King of the Khuman dynasty
- Monarch: 620 C.E – 700 C.E
- Predecessor: Laiphangba
- Successor: Senba Mimaba
- Spouse: Nganurol Chanu Khambi
- Issue: Yoithongai, Keirunghangbi, Khayoilon Nganbi

Regnal name
- Adon Punshi Yumoiba
- House: Khuman dynasty
- Father: Laiphangba
- Mother: Nganurol Kaireima
- Religion: Sanamahism
- Occupation: Monarch

= Punshi Yumoiba =

King of the Khuman dynasty (620–700 CE)

Adon Punshi Yumoiba (Aton Punshi Yumoipa) was a ruler of the Khuman dynasty of ancient Kangleipak (present-day Manipur). He reigned from 620 CE to 700 CE.

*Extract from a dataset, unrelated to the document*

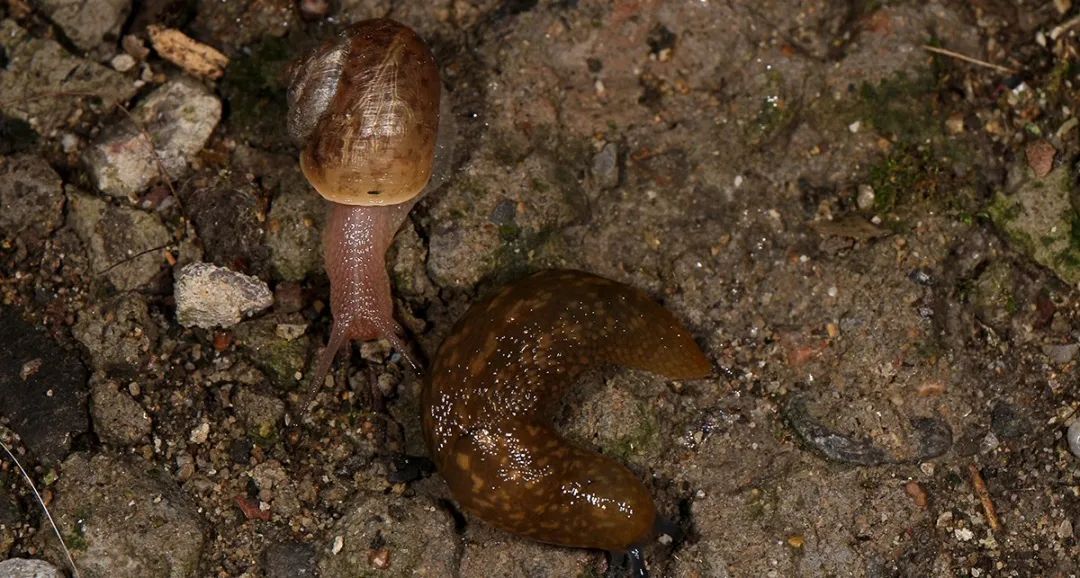 灰巴蜗牛(左)和黄蛞蝓(右)

He was a contemporary of King Naothingkhong of the Ningthouja dynasty.

== Reign and alliances ==
During his reign, Punshi Yumoiba built up the political and cultural significance of Nongyai Leikoipung (Mayang Imphal), the second capital city founded by his father Laiphangba. He built a powerful alliance with King Naothingkhong of the Ningthouja dynasty. Punshi Yoimoiba gave shelter to him and later gave him his daughter, Keirunghangbi to marriage.

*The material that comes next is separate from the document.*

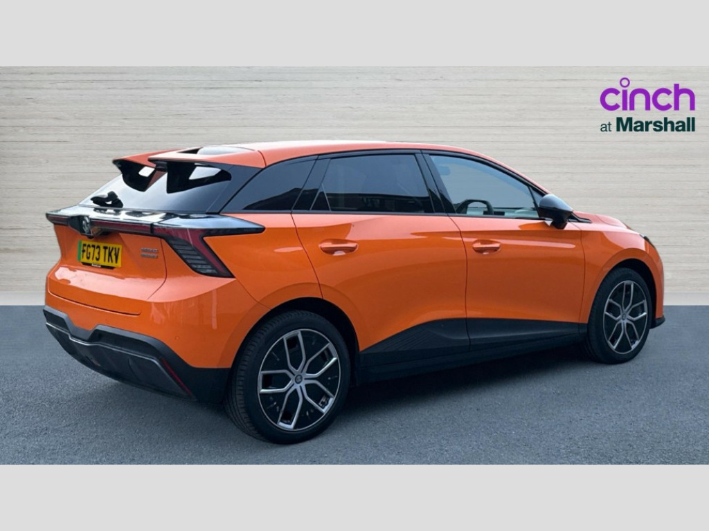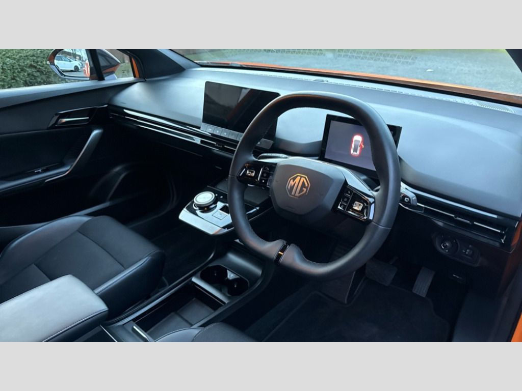 MG Mg4 150kW Trophy EV Long Range 64kWh 5dr Auto 10.25" floating colour touchscreen, 360 degree parking camera, 5 driving modes (Eco, sport, snow, custom, standard), 7" Full digital driver information display, Adaptive cruise control, Android Auto, Apple CarPlay, Blind Spot Detection (BAS), Driver attention assist, E-call, Intelligent speed limit assist with traffic sign recognition, iSmart with live services (additional services include weather, live traffic, amazon prime), Lane change assist, Lane keep assist system (LAS) with Lane departure warning system (LDWS), Mobile phone bluetooth key, PAS, Rear cross traffic alert, Rear parking sensors, Satellite Navigation, Traffic jam assist, Wireless Mobile Phone Charger, 7 kW onboard charger, Vehicle to load charging, 6 speaker audio system with 3D sound, DAB+ radio, USB ports (2x front, 1x rear), Active grille system (AGS), Auto dimming rear view mirror, Auto headlights, Electrically adjustable power folding heated black door mirrors, Front and rear electric windows with one-touch up/down, Integrated LED daytime running lights, Intelligent high beam, LED centre brake light, LED rear lights, Projector LED headlights with reflective technology, Rain sensing wipers, Rear centre light bar with cross hatch design effect, Rear privacy glass, Rear side wing doors, Rear wiper, Tinted glass, Twin aero rear spoiler, 2nd row 60/40 split fold seat, 3 rear headrests, 3 seat bench in 2nd row, 4 way adjustable passenger seat, 6 way electric adjustable drivers seat, Climate control, Front headrests, Heated front seats, Heated steering wheel, Height adjustable loading floor, Leather steering wheel, Leather style with cloth inserts upholstery, One pedal drive, Rake/reach adjustable steering wheel, Single front passenger seat, 3x3 point rear seatbelts, 4 Regenerative braking modes (Auto, 1, 2, 3), ABS/EBD, Active emergency braking with pedestrian/Bicycle detection, Door open warning, Drivers seatbelt reminder, Dual front airbags, EBA, ESP, Front and rear passenger seat belt reminder, Front passenger airbag deactivation switch, Front seatbelts (3-point + pretensioner + load limiter), Front side airbags, Hill start assist, Rear door child safety locks, Rear seat ISOFIX x2, Side curtain airbags, Tyre pressure monitoring system, Alarm & Engine Immobiliser, 18" alloy wheels with low wind resistance aero cover

With this alliance, Punshi Yumoiba also gave a part of the Khuman kingdom to the Meitei kingdom. However, this political act triggered a dispute among the Khuman people and led to the rebellion by Senba Mimaba.

== Religion and cultural legacy ==
Punshi Yumoiba also started the worship of the goddess Imoinu. He built her shrine at the royal palace at Mayang Imphal. This was a significant role in starting the worship if Imoinu into the cultural and spiritual practices of the Khuman dynasty.